"Black Art is Magical."
Mo Brady
Melissa Victor
"In the flying monkeys section, we are using swings that will function like a trapeze..." is the e-mail that I received from my choreographer two months before our first day of rehearsal for The Wiz at Ford's Theatre. TRAPEZE! We are going from toe tapping munchkins to aerialist monkeys? Sign me up! Being in the ensemble is amazing. I would've never guessed that in a million years I would be able to write "aerialist" on my resume. Fast forward to the first day of rehearsal, family reunion style.
When you walk into a room and you look around and everyone looks like you, the creatives speak your language and the melanin is just flourishing, you feel at home. To be in a show with an all black cast, a black director, a black choreographer, a black music director and a black costume designer, telling a black story is simply... magical. The music director knows your voice, the choreographer incorporates black dance styles from West Africa to the inner city projects, the costume designer is able to use the right colors to make the many shades represented flourish while accentuating all our curves. As an ensemble member, it means the world to me to perform in a world where I can look into my cast members eyes and there is a familiarity and camaraderie that I do not get to experience often.

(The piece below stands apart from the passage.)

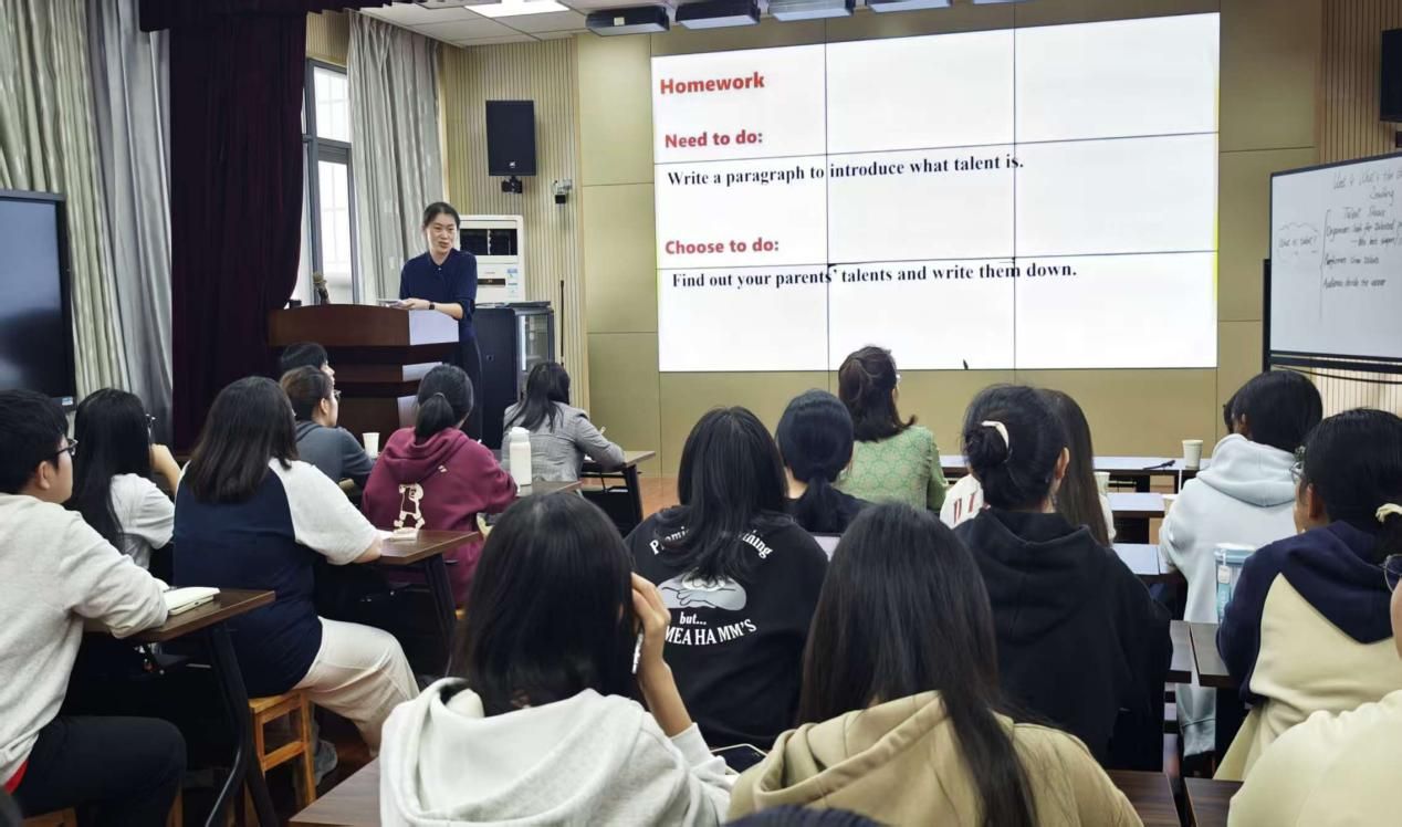 10月15日下午, 成人有声小说 ”润之英才名师讲堂“第五讲在怀中北605举行。本次主讲人为湖南师大附中凌云中学陈琼宇老师。讲座由副院长陈艳君主持,英语系主任张昀霓、英语系王小玲老师和唐江英老师、23英语“润之英才”班全体同学参与讲座。

Melissa Victor and the cast of The Wiz at Ford's Theater
As ensemble members we have a duty to always push the plot forward while supporting our leads; that is a big responsibility. It is even a bigger responsibility when you are standing on the shoulders of the Geoffrey Holder, Hinton Battle, Mabel King, Lena Horne, Andre DeSheilds, Stephanie Mills and many other iconic black performers that have made this show such an integral part of American Musical Theatre History. Every night, I am reminded that black people, black art, black music is magical. We tell the story of our struggles, our triumphs, our families while dancing to music that is so innate, and the movement of our ancestors flows through our bodies. I may not have a lot of speaking lines as an ensemble member, but every pirouette, every battement, every high A-flat (as your favorite ensemble soprano) adds to the story, in particular our story of a young black girl finding her way in a magical land and essentially understanding what Home is.

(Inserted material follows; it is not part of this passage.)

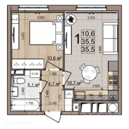 1 комн. квартира в ЖК Еврокласс-5, площадь 35.5 м², жилая 10.6 м², кухня 16.7 м²

I'm not just tree #5 upstage left moving a set piece when needed, I work as part of a well-oiled machine that has made little black and brown boys and girls smile each and every night. One night, this young black princess stood the entire show with a yellow bow in her hair, smiling and singing along and occasionally talking back to the scarecrow. As we danced, she danced. Ensemble members are the pages in a book and without pages for someone to write on the book cannot turn. We help turn the pages, time and time again. Turning the pages of our story that doesn't get told often, or if it is told, a lot of times told by someone that isn't cut from the cloth that we come from. I am forever grateful to be a part of this BlackGirlMagic-BlackBoyJoy festival that takes place every night and on one of the most historical theaters in America.